• _Task goal_
As the answer, give exactly the lines of the records below from the one with "[DA ĐEN] Sổ" through the one with "Leatherette covered junior", ends included and pictures left out.

Records contained in a dataset:
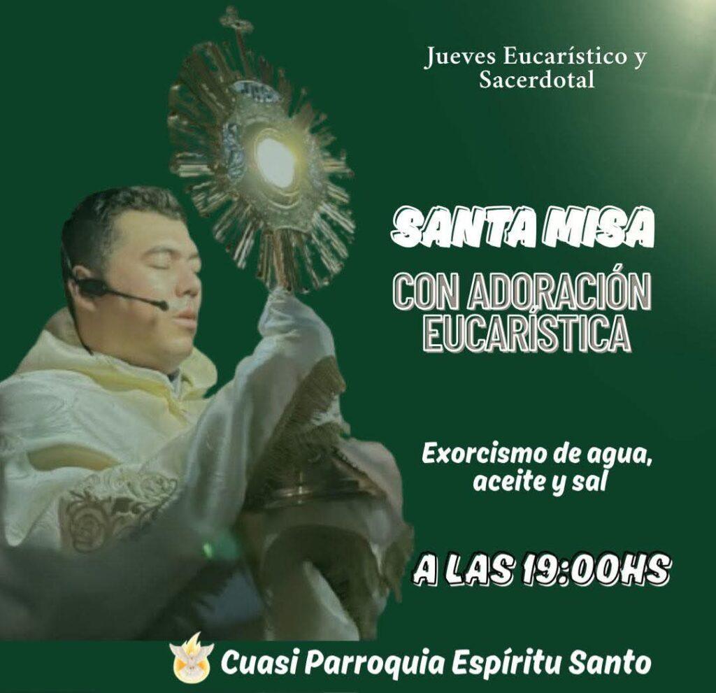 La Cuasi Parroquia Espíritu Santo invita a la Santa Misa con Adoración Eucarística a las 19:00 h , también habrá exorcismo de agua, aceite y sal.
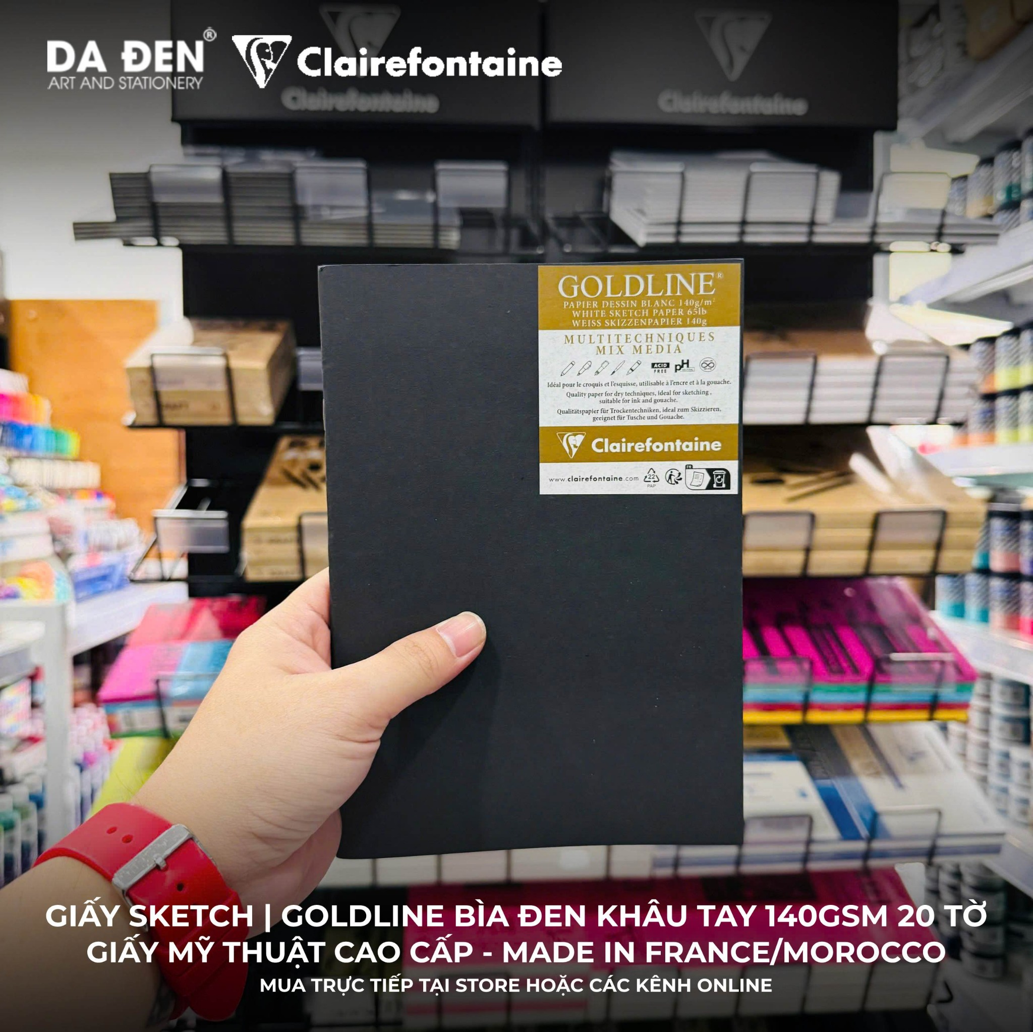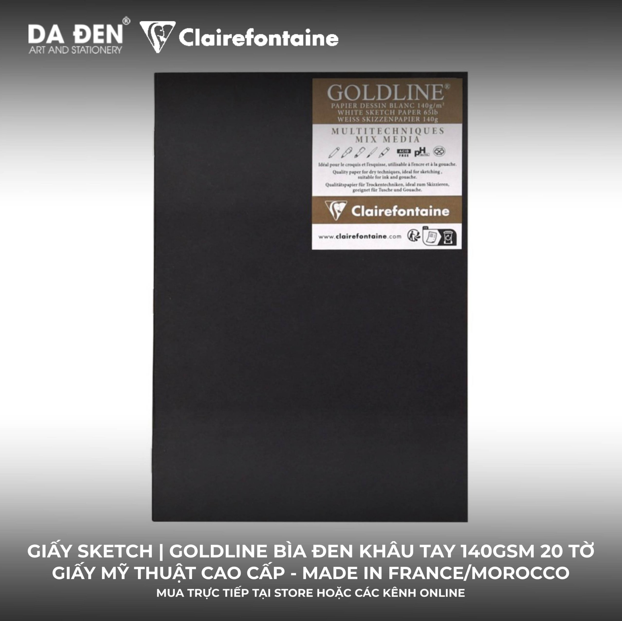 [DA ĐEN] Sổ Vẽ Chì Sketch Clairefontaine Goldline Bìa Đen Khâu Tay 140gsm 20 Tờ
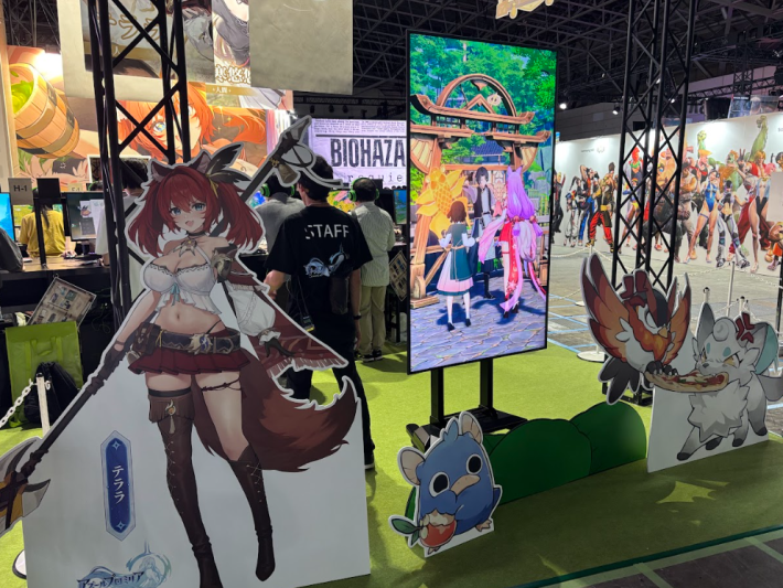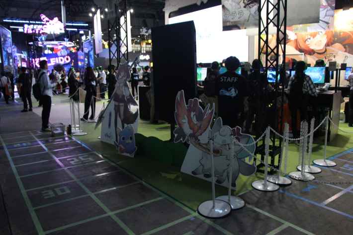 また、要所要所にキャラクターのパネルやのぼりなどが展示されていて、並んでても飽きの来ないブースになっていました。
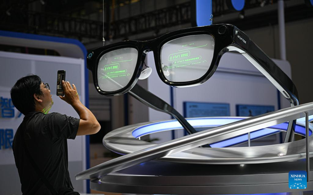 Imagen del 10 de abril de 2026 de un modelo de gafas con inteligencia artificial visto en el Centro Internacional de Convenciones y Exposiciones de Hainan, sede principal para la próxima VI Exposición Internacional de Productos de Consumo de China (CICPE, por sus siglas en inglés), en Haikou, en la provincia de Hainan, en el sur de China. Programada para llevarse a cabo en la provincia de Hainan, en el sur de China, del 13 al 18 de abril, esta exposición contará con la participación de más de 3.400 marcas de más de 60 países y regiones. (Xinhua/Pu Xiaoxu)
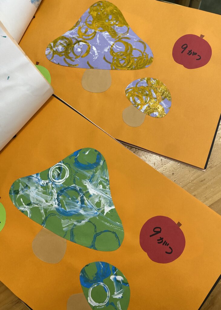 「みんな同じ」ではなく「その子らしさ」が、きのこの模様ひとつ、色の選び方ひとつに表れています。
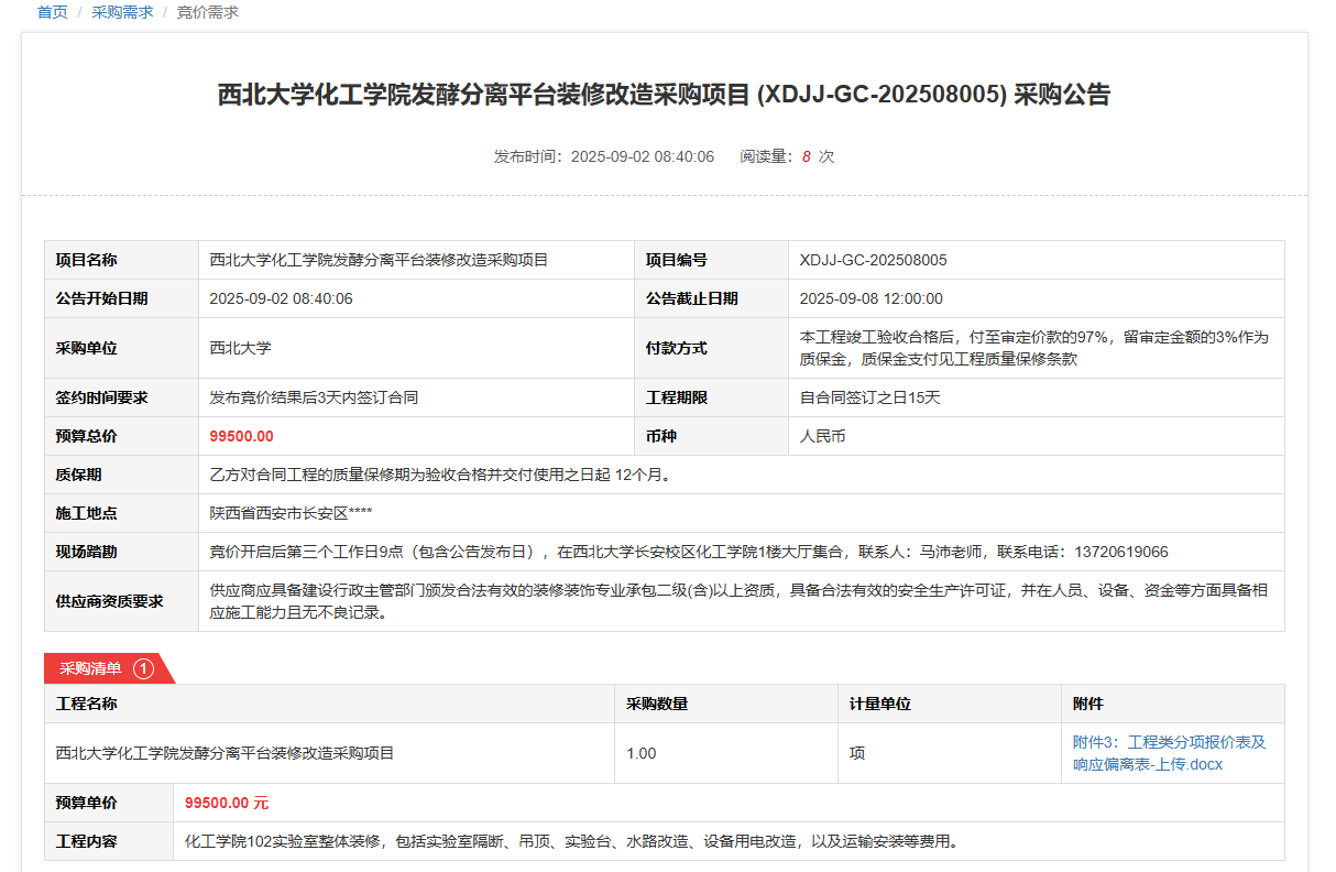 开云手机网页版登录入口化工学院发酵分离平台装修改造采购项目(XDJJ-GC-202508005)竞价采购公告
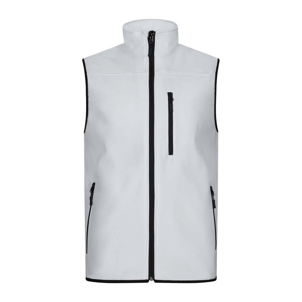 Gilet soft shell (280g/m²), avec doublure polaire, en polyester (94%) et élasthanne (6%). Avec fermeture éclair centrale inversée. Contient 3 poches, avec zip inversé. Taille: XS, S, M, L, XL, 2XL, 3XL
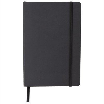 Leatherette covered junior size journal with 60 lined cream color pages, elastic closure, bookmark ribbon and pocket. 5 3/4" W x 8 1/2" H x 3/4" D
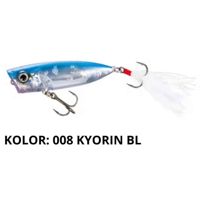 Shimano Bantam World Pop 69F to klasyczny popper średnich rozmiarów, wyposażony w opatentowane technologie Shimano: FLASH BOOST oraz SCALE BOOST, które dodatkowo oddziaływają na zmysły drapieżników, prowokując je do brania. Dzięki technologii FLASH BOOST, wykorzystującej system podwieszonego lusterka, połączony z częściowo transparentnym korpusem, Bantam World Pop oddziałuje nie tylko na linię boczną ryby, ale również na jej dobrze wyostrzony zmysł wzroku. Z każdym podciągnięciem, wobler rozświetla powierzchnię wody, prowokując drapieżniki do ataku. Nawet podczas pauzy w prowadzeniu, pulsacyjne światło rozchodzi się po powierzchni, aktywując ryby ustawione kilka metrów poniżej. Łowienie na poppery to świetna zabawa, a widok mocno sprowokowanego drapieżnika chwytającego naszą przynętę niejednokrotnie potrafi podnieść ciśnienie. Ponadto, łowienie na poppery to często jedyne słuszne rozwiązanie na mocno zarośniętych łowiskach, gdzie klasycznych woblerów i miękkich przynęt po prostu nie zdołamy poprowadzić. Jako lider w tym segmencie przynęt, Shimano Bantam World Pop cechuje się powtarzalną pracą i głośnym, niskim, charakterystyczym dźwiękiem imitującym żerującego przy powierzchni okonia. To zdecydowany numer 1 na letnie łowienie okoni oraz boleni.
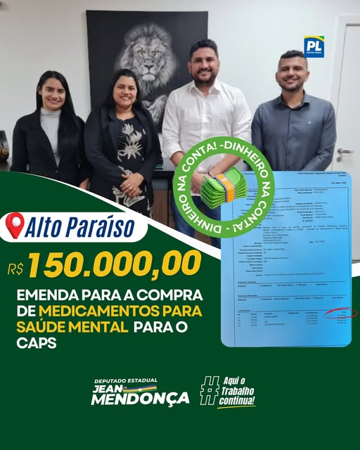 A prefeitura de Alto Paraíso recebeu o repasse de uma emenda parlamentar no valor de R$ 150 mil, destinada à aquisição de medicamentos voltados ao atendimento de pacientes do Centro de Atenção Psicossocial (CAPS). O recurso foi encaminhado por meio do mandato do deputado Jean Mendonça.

• _Output of the task_
 [DA ĐEN] Sổ Vẽ Chì Sketch Clairefontaine Goldline Bìa Đen Khâu Tay 140gsm 20 Tờ
 また、要所要所にキャラクターのパネルやのぼりなどが展示されていて、並んでても飽きの来ないブースになっていました。
 Imagen del 10 de abril de 2026 de un modelo de gafas con inteligencia artificial visto en el Centro Internacional de Convenciones y Exposiciones de Hainan, sede principal para la próxima VI Exposición Internacional de Productos de Consumo de China (CICPE, por sus siglas en inglés), en Haikou, en la provincia de Hainan, en el sur de China. Programada para llevarse a cabo en la provincia de Hainan, en el sur de China, del 13 al 18 de abril, esta exposición contará con la participación de más de 3.400 marcas de más de 60 países y regiones. (Xinhua/Pu Xiaoxu)
 「みんな同じ」ではなく「その子らしさ」が、きのこの模様ひとつ、色の選び方ひとつに表れています。
 开云手机网页版登录入口化工学院发酵分离平台装修改造采购项目(XDJJ-GC-202508005)竞价采购公告
 Gilet soft shell (280g/m²), avec doublure polaire, en polyester (94%) et élasthanne (6%). Avec fermeture éclair centrale inversée. Contient 3 poches, avec zip inversé. Taille: XS, S, M, L, XL, 2XL, 3XL
 Leatherette covered junior size journal with 60 lined cream color pages, elastic closure, bookmark ribbon and pocket. 5 3/4" W x 8 1/2" H x 3/4" D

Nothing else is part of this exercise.